North Carolina is one of only seven states to have top rankings from all three.

HAGAN'S ADS: In an ad run in August, Hagan's campaign claimed that she "reach(ed) across party lines to ban driver's licenses for illegal immigrants."

A previous Claims Department by the N&O found that claim overstated the supporting role she played in that bill and the Senate Democrats' previous opposition to stronger proposals from Republicans.

The ad's "account of Hagan's role on the driver's license bill is overstated and inaccurate," the article noted.

Is it accurate? Yes and no. The claims about state debt and Hagan's previous ad are true. But the definition of the Southeast used by the John Locke Foundation is bizarre. Though the ad correctly cites the foundation's research, the claim is misleading.

— Ryan Teague Beckwith

How the Tax Foundation adds it up

The Tax Foundation measures tax burden by its own formula.

Although the U.S. Census Bureau and the Federation of Tax Administrators both compare taxation rates in states, the foundation's rankings are slightly different.

Unlike the Census Bureau, it measures the actual tax collections and not just the state rates. That allows it to account for the differing levels of local property and sales taxes:

For example, New York's state sales tax rate is 4 percent, and its counties have local sales tax rates that range from 3 percent to 5.75 percent. Connecticut, on the other had, has a 6 percent state-level sales tax with no local add-ons. In a ranking that includes only state-level taxes, New York appears less taxed than it actually is, and Connecticut appears more taxed.

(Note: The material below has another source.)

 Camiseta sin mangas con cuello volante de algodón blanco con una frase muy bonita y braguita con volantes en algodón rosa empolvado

The Tax Foundation also calculates how much in taxes were paid in other states, such as a candy bar you bought at a 7-Eleven across the border.

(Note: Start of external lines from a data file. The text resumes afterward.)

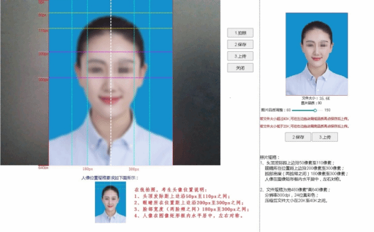 1.电子图像文件规格为宽480像素*高640像素,分辨率300dpi,24位真彩色。应符合JPEG标准,压缩品质系数不低于60,压缩后文件大小一般在20KB至40KB。文件扩展名应为JPG。
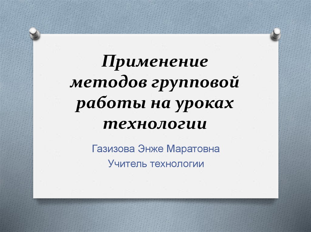 Применение методов групповой работы на уроках технологии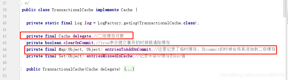 我们看到CachingExecutor中只有2个属性,第1个属性不用说了,因为CachingExecutor本身就是Executor的包装器,所以属性TransactionalCacheManager肯定就是用来管理二级缓存的,我们再进去看看TransactionalCacheManager对象是如何管理缓存的: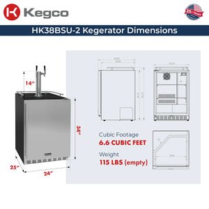 Kegco 24" Wide Dual Tap Stainless Steel Built-In Right Hinge Kegerator with Kit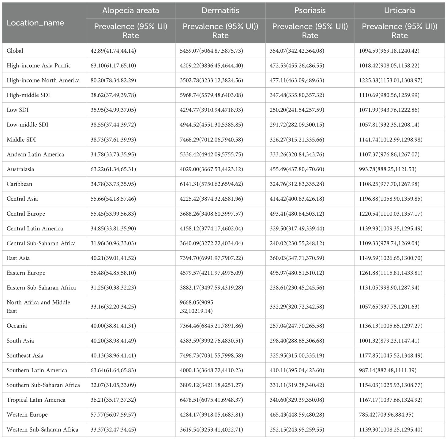 Globally, the age-standardized prevalence rates of major inflammatory and immune-related skin diseases displayed significant regional variation in 2021. Dermatitis bore the greatest burden among the four conditions, with a global ASPR of 5459.07 (95% UI: 5064.87–5875.73) per 100,000 population, followed by urticaria at 1094.59 (969.18–1240.42), psoriasis at 354.07 (342.42–364.08), and alopecia areata at 42.89 (41.74–44.14) in Table 1. Across all regions, dermatitis consistently represented the largest proportion of the disease burden, highlighting its widespread public health impact. In contrast, alopecia areata showed the lowest prevalence overall, albeit with modest regional variations.

The total local and state tax burden is the total taxes collected divided by the total income.

Tax deduction reduces N.C. burden

Does the Tax Foundation overstate North Carolina's tax burden?

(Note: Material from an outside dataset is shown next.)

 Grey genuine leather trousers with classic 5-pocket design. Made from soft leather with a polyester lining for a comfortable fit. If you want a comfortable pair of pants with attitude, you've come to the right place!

Critics of the nonprofits rankings of state and local tax burdens note that it leaves out the amount paid by North Carolinians in federal taxes.

That's important because the Internal Revenue Service allows you to deduct your state and local taxes from your income when filing. For states such as North Carolina that rely heavily on a state income tax that means a reduced federal tax burden.

That would affect North Carolina's overall tax burden compared to other states.

"Compared to the rest of the Southeast, North Carolina is probably one of the biggest beneficiaries of the state and local tax deduction," said Gerald Prante, an economist with the Tax Foundation. "But nationwide, it's probably not that high. Almost all of the states in the Northeast benefit more."

The Tax Foundation does not account for the deduction in its rankings because of the complexity of the calculations and a lack of good data, Prante said.

The amount the deduction benefits individual taxpayers depends on how much they earn. Taxpayers who earn less and don't itemize their expenses don't benefit, but those in the middle and upper class who itemize do, as long as they aren't affected by the alternative minimum tax.

State tax burdens in the Southeast

North Carolina has a higher tax burden than most Southeastern states.

But it has not been ranked the highest among the dozen states considered to be part of the Southeast by the Tax Foundation, a Washington-based nonprofit.

Using as its guide the states considered Southeastern by the U.S. Bureau of Economic Analysis, the foundation has ranked North Carolina between the fourth and second Southeast states in terms of tax burden since 1977.

A recent ad targeting Democratic Senate candidate Kay Hagan cited research by the Tax Foundation, among others, to back its claim that budgets she helped write "pushed North Carolina to the highest taxes in the Southeast."

In 2002, the year before Hagan became a co-chair of the Senate appropriations committee, the Tax Foundation ranked North Carolina the third highest state in the Southeast, below Kentucky and Arkansas.

Over the following five years, North Carolina remained in the top three, but it was never in the top spot.

In 2008, it dropped to fourth, below Arkansas, Georgia and Virginia.

Still, it was close. The differences between the rankings were often based on a tenth of a percent and the states were only a few slots apart in the overall rankings.